— INPUT DATA —
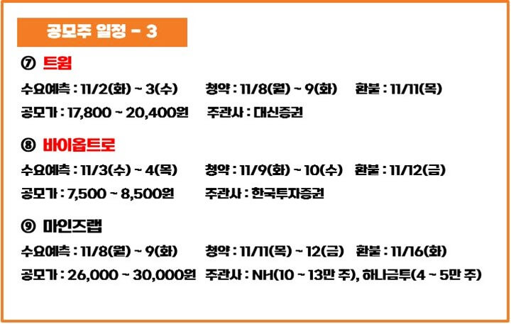11월 1~2주 공모주 청약 일정
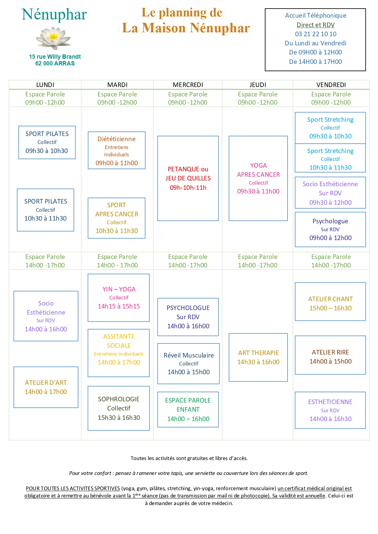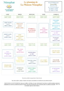 Planning des activités Découvrez le planning annuel de la Maison Nénuphar Pour être encore plus à votre écoute, la Maison Nénuphar multiplie ses Bulles d’Accueil .ce document est aussi à votre disposition à la Maison Nénuphar.Télécharger le planning
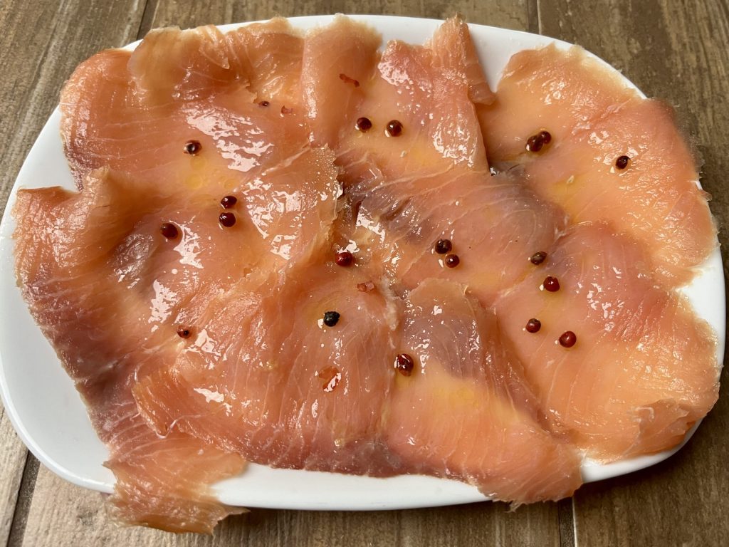 Escolha salmão defumado sem aromas artificiais de cor uniforme, rosa intenso, sem áreas opacas. Deve ter uma consistência compacta, não excessivamente úmida, uma lista de ingredientes curta: salmão, sal, fumaça natural. Poucas veias brancas e finas bem distribuídas são sinais de alimentação e crescimento corretos.
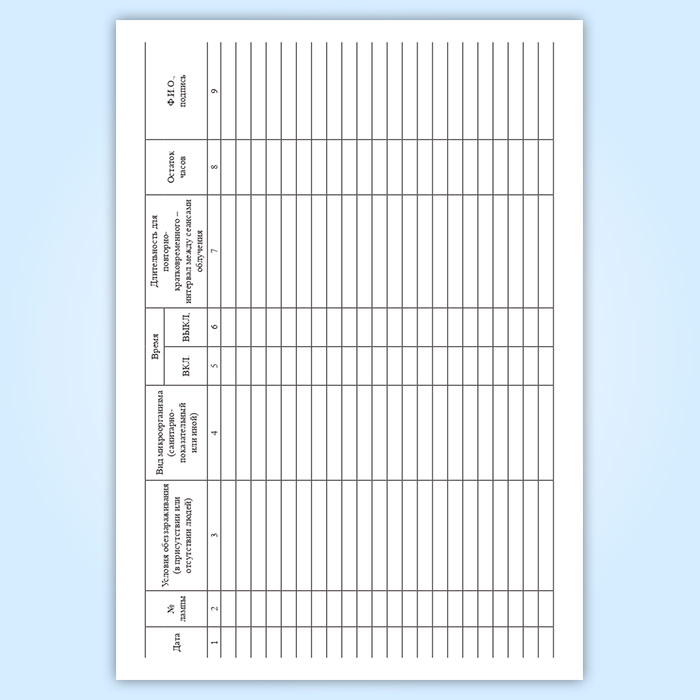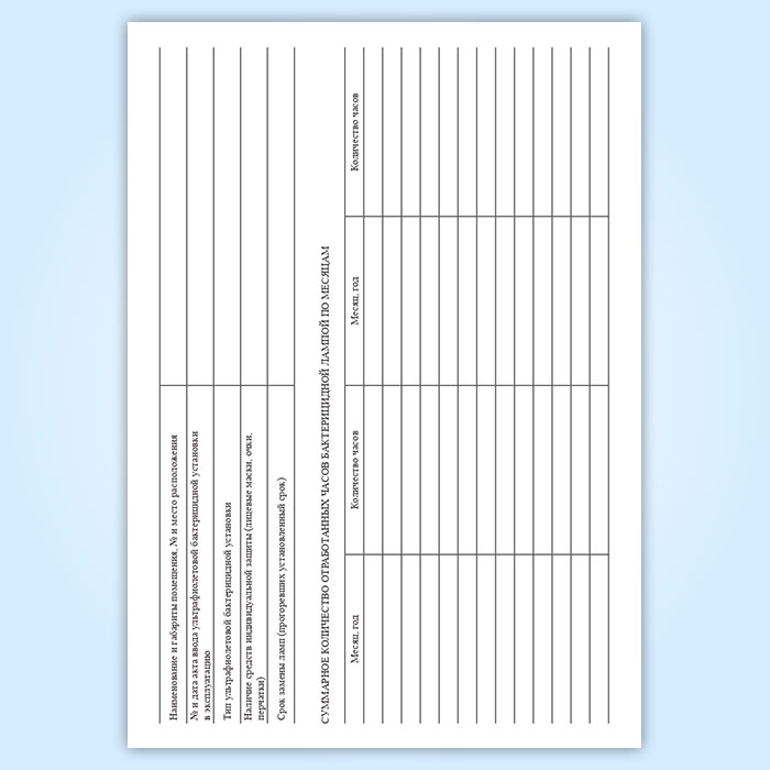 Журнал регистрации и контроля работы бактерицидной установки в Чите купить
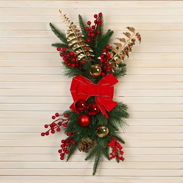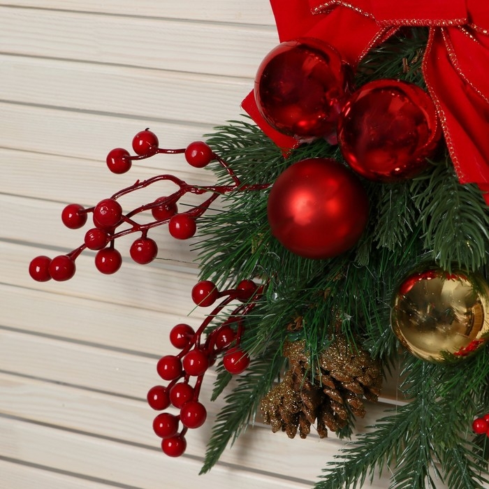 Композиция хвойная "Уютная сказка" 44 см, бант красный
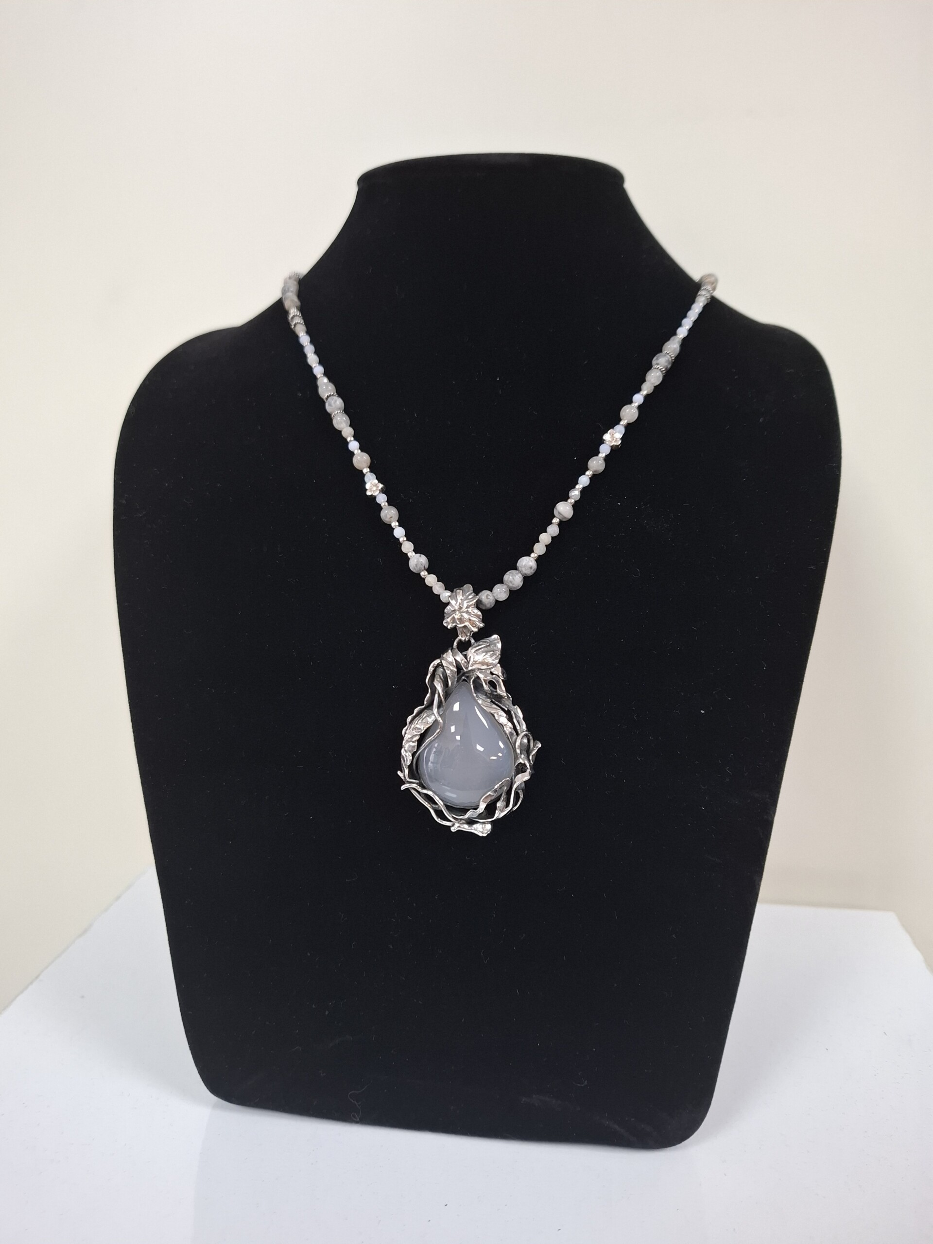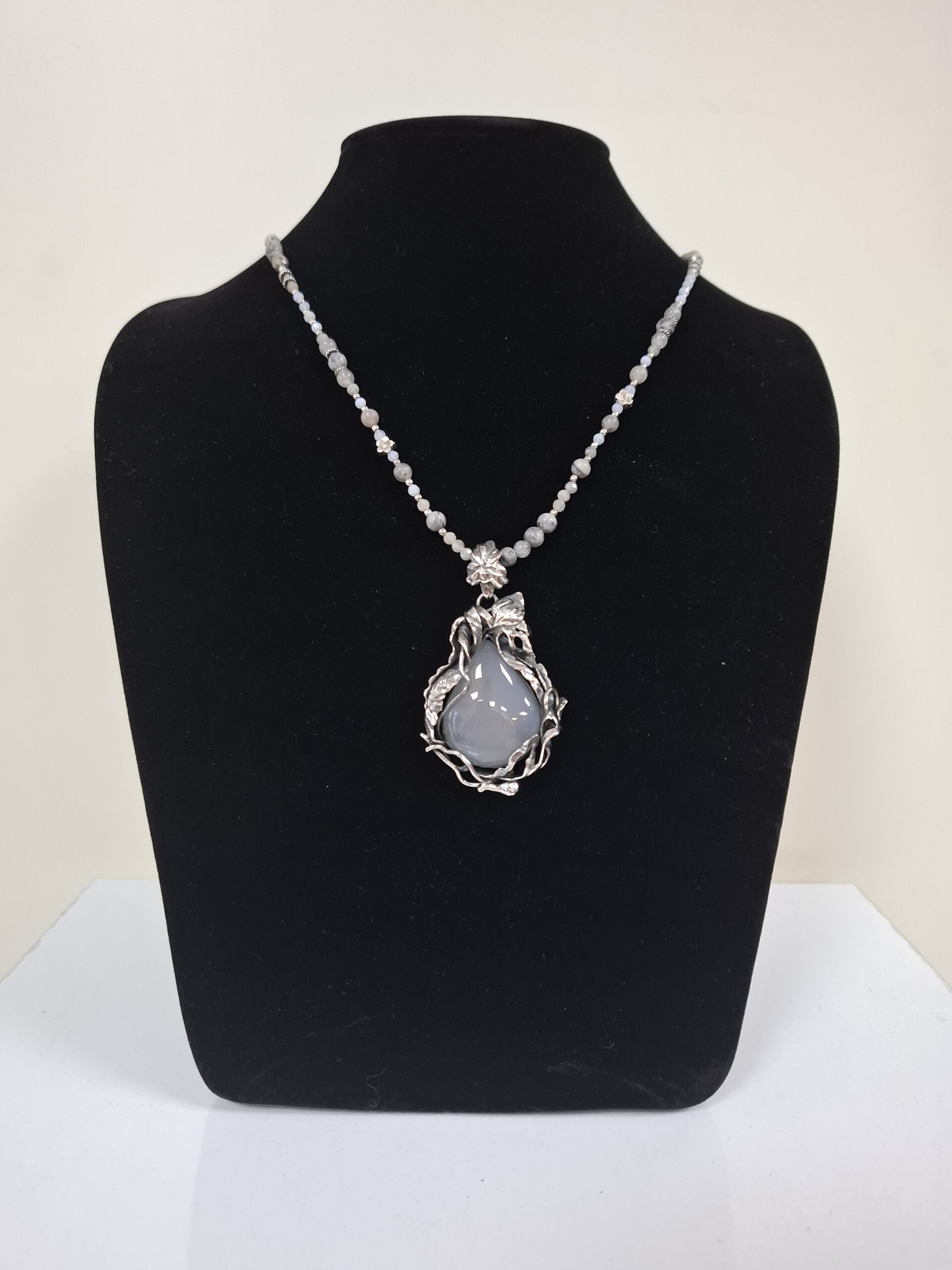 Медальон с бял халцедон.

— TASK GOAL —
The response must match the data line for line, from its first line through the line with "Planning des activités", inclusive, and must leave out the pictures.

— THE COMPLETED TASK —
11월 1~2주 공모주 청약 일정
 Planning des activités Découvrez le planning annuel de la Maison Nénuphar Pour être encore plus à votre écoute, la Maison Nénuphar multiplie ses Bulles d’Accueil .ce document est aussi à votre disposition à la Maison Nénuphar.Télécharger le planning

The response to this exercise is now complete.